Quote from: Old Geezer;797508Well, yeah. When you've got dozens of combats to resolve on the sand table per turn, it's "roll the dice and get on with it."

How do you make D&D combat exciting without descriptions?  By making it FAST.  Half a dozen combatants on a side, I can run in barely more than a minute a round real time; combat is fast and furious and tension is created by watching things resolve.

But I would have thought in a game were the combats were so rare becuase you were always negotiating you woudl want to fluff them up a bit and make a bit of a fuss of them :)

I think that is part of the move from war game to RPG. to me the combats are as much about roleplay as the bit where you are negotiating the price of room and board or dickering with a demon over the terms of it's contract.

QuoteI was in the SCA for many years too.

I ignore it.

D&D is not a game about real combat.  It is a game of furiously swording away at each other a la Conan stories and Errol Flynn movies.

Once I folded up "realism" into a little packet and filed it under "Not Applicable" I started to enjoy D&D much more.

Trying to reconcile it with my knowledge of actual combat, actual armor, actual weapons, and the actual Middle Ages just led to heartbreak.

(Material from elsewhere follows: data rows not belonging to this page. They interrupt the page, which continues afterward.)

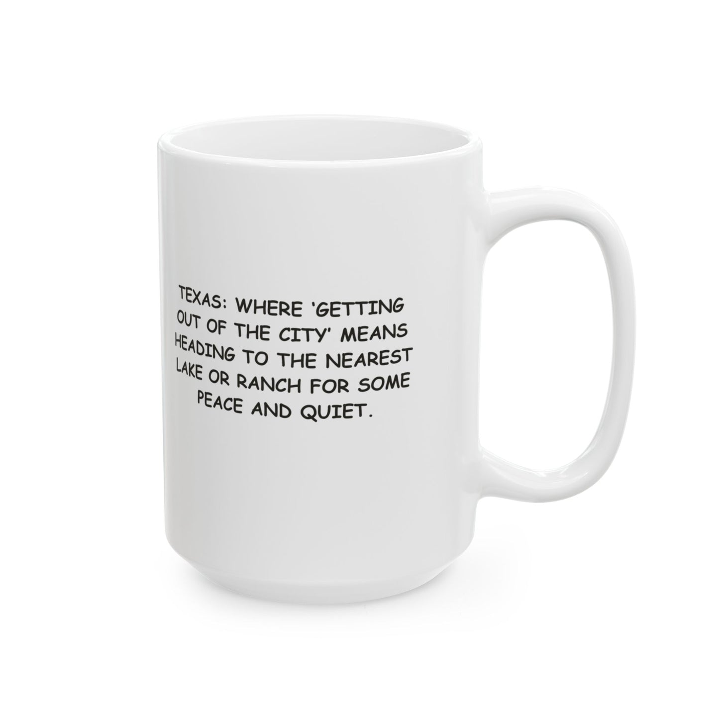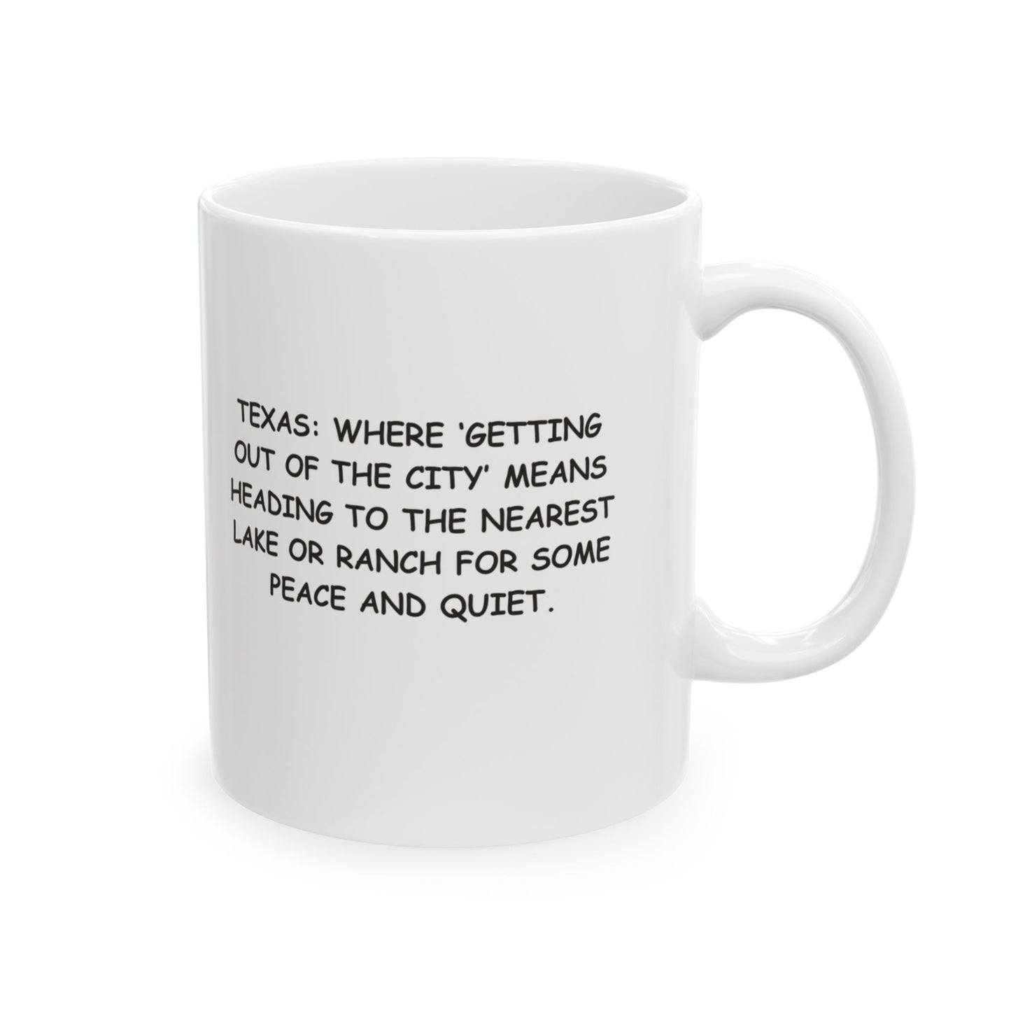 "Texas: Where ‘getting out of the city’ means heading to the nearest lake or ranch for some peace and quiet." Ceramic Mug - 12751
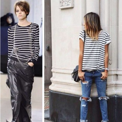 Джинсы и тельняшка — классика, но чтобы образ выглядел современно, выбирайте необычные фасоны. Например, джинсы с завышенной талией и прямым кроем или актуальные в этом сезоне бермуды из денима.
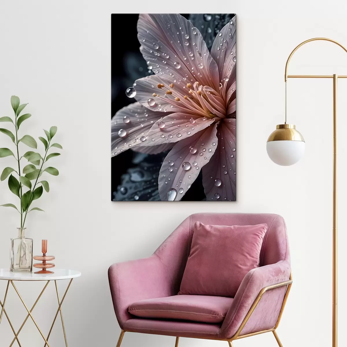 Schilderij Een close-up van een roze bloem met tere bloemblaadjes bedekt met waterdruppels, tegen een donkere achtergrond Art. s42237
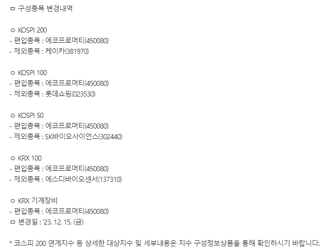 에코프로머티리얼즈의 코스피200에 편입이 됩니다

I don't think it has to be a binary choice here. You can put a bit of the realism in and it doesn't have to break it. The tricky bit is how much. Take Reach. I am thinking of adding reach as a number from 1-10 then using it as an initiaitve bonus on the first round of combat if the combatants have come together that round. This should be easy, give spears etc an advantage in the first round and won't change the pace of combat. The PC forgets to use the bonus well then tough.
Then I might add a feat called "fend" or similar which enables  people proficient with polearms to keep their distance and keep getting that bonus. This in turn will make the grapple manuver more important when fighting a guy with a polearm.
None of this will alter the timbre of combat but might add a pinch of realism or at least psuedo realism which is about as far as you can get.